Crowd-Sourcing to Crowd-Pleasing: New Agency Dynamics

Posted on 6/17/2008 by Julia Dudnik Stern | Printable Version | Comments (0)



It has been suggested that traditional agencies can learn from their younger microstock rivals. A lot these discussions center on technology, from the ability to sort search results by downloads to the features and widgets available at micro-payment Web sites. The most important lesson may be of a less tangible variety.

Whether exclusive or not, full-time or hobbyist, photographers who supply content to micro-payment Web sites love their agencies and the business of stock licensing. Such devotion is most evident at the top end of the micro niche, among those who contribute to iStockphoto and Shutterstock.

In the traditional segment, this paradigm is inverted. Professional photographers rarely rave about the agencies that represent them. While individual concerns vary, a general sense of discontent permeates the supplier side of the industry. Commonly raised issues include unpredictable editing and image-removal practices, unclear accounting practices, lagging commission disbursements and royalty payments that are perceived as unfair, with agencies and distributors earning a much higher profit than image producers.

The chief supplier complaint is that agencies set the direction of the business without any input from or regard for photographers. Though the recently introduced $49 Web-use license is now almost universally accepted as pragmatic and necessary, it still offers an excellent case in point: Agencies that adopted the then-new scheme did so without consulting their photographers, despite its revenue implications.

Leading traditional establishments, Getty Images and Corbis in particular, have to contend with the most negativity. One-sided horror stories of unfavorable contractual arrangements and legal issues abound. On the Internet, popular industry blogs routinely attack the two companies' business practices. John Harrington, the man behind the well-read Photo Business News and Forum, is an excellent example of a veteran photographer who often criticizes Getty Images. Paul Melcher's Thoughts of a Bohemian takes aim at the Bill Gates-owned stock house with equal fervor and frequency. The fact that the two agencies remain among the top revenue producers for many, if not the majority, of professional stock shooters does not appear to foster a positive image among their image suppliers. Neither do the hundreds of thousands in editorial grants, charity contributions and other goodwill measures.

This negative image is largely discounted by traditional agencies as "just the way things are." While nobody wants to go on record, many say that traditional stock photographers, faced with industry changes that are outside of their agencies' control, are misdirecting their anger.

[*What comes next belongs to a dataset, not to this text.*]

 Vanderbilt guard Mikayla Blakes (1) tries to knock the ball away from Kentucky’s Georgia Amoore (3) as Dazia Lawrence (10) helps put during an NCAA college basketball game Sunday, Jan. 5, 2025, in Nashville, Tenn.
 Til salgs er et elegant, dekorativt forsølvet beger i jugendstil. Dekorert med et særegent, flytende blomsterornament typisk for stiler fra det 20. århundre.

Others think that it is natural for professional shooters, who are more dependent on stock-licensing revenues than their often-amateur microstock counterparts, to speak up. Most say that there is nothing wrong with agencies determining the appropriate course of action for the business; they all have contracts, which expressly allow them to do just that.

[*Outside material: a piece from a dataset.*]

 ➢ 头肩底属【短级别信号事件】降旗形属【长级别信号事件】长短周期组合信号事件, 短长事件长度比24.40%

From an observer's perspective, such responses may not be entirely inaccurate, but they still miss the point.

While earnings of both traditional photographers and agencies are on the decline, agencies are doing better than photographers for obvious volume reasons. The negativity is also not new; it has only been exacerbated in recent years. Most importantly, there is little difference between the business underpinnings of traditional and microstock agencies. Contributor commission percentages are about the same. While microstocks may be timelier in paying their contributors, iStock does not ask contributor permission to raise or lower prices, introduce new licensing models or implement any other measure it deems necessary.

It seems more logical that the reason for such a stark difference in how image producers perceive traditional versus microstock agencies lies in the two-way communication inherent to the community-based business model. Traditional photographers often say that they hear from their agencies twice a year; microstocks issue monthly newsletters, publish blogs, maintain active online forums, sponsor events on a global scale and take every other opportunity to foster the ongoing involvement of their shooters. While this may not yield higher contributor revenues, it makes photographers feel part of a team.

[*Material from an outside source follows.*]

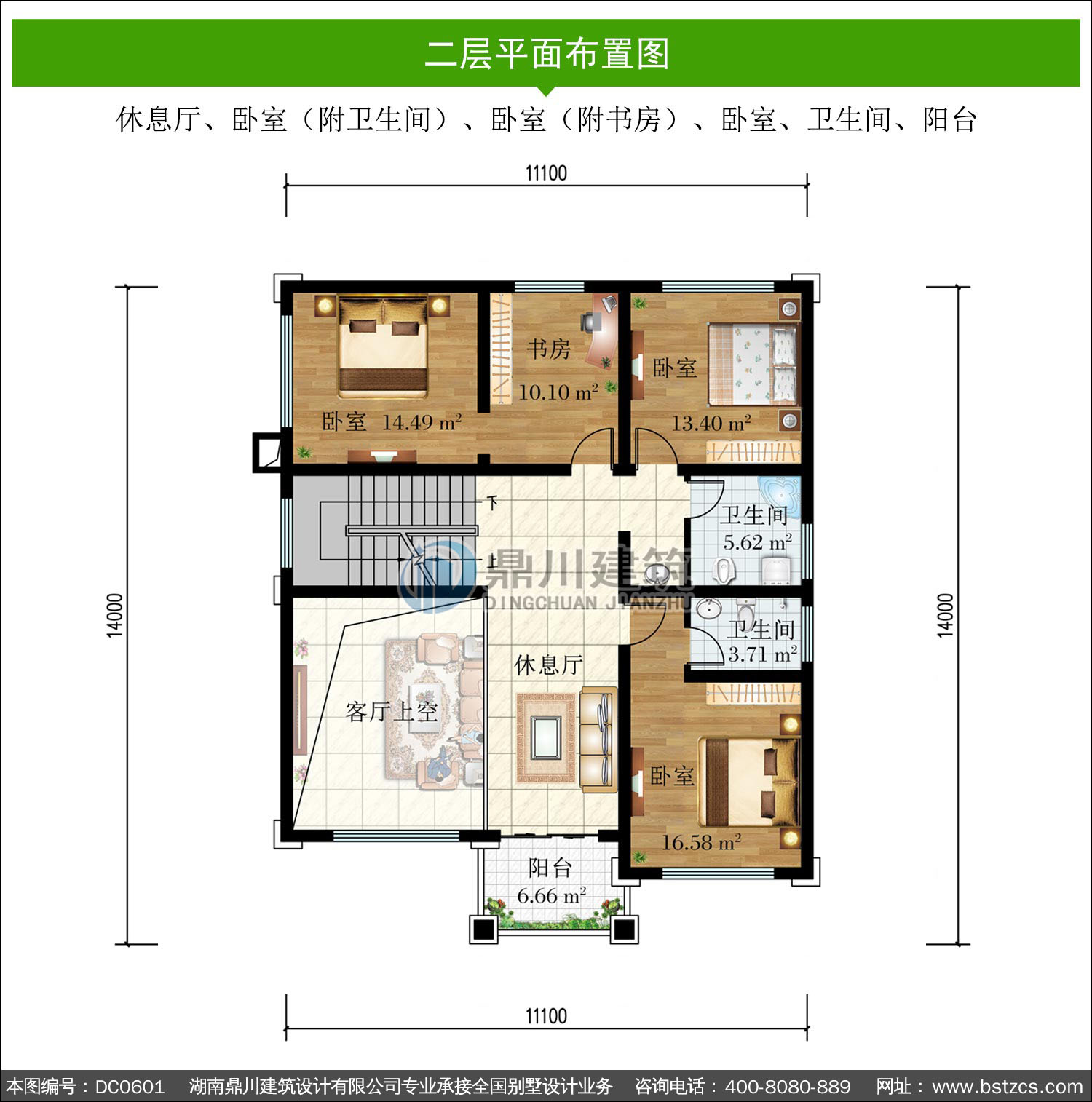 | 二 層: | 休息廳、臥室(附衛生間)、臥室(附書房)、臥室、衛生間、陽臺 | |||

A couple of newer companies have taken a similar approach in the traditionally priced space.

For example, Alamy has built an exceptional reputation among photographers. The company is often praised for contributor-centric services that are lacking among more established competitors. On a small scale, Alamy allows contributor comments on its corporate blog and regularly communicates by email. It also hosts events, where it shares valuable information on image types that sell, technical subjects and even its revenues, which is highly unusual for a privately held company. When Alamy plans a large change, such as its recently launched Novel Use scheme, it solicits the opinions of its contributors early in the process. While the company still makes its own decisions and universal agreement remains hard to achieve, Alamy managed to build a loyal following among both professionals and semi-pros.

PhotoShelter is a younger company that is actively positioning itself as the alternative to the stock majors. It sports a blogging CEO and another full-time blogger. This week, the company also launched a new sub-site, the School of Stock, to help photographers improve their stock offering. In plans for the summer is a live New York event, catering to 500 PhotoShelter photographers, similar to iStockalypses that have served the same purpose in a different market niche. In all, PhotoShelter is putting significant resources into offering its photographers a level of service similar to that offered buyers.

In the cases of Getty and Corbis, contributor negativity may be a case of hating the top dog. However, smaller agencies discount photographer discontent at their peril. Stock licensing is increasingly moving toward higher volumes of lower-priced image sale, implying that agencies will soon have to maintain larger pools of contributors to remain competitive.

Though amounts remain unclear, traditionals are already losing sales to lower-priced outlets. In this context, it is not hard to imagine a similar migration on the supplier side, toward companies that make photographers feel more appreciated. Revenues are not everything, particularly to creative types. While high revenues keep top revenue producers at a lower risk, smaller agencies should consider how they communicate with suppliers as part of a larger-scope adjustment to the ongoing industry-wide change.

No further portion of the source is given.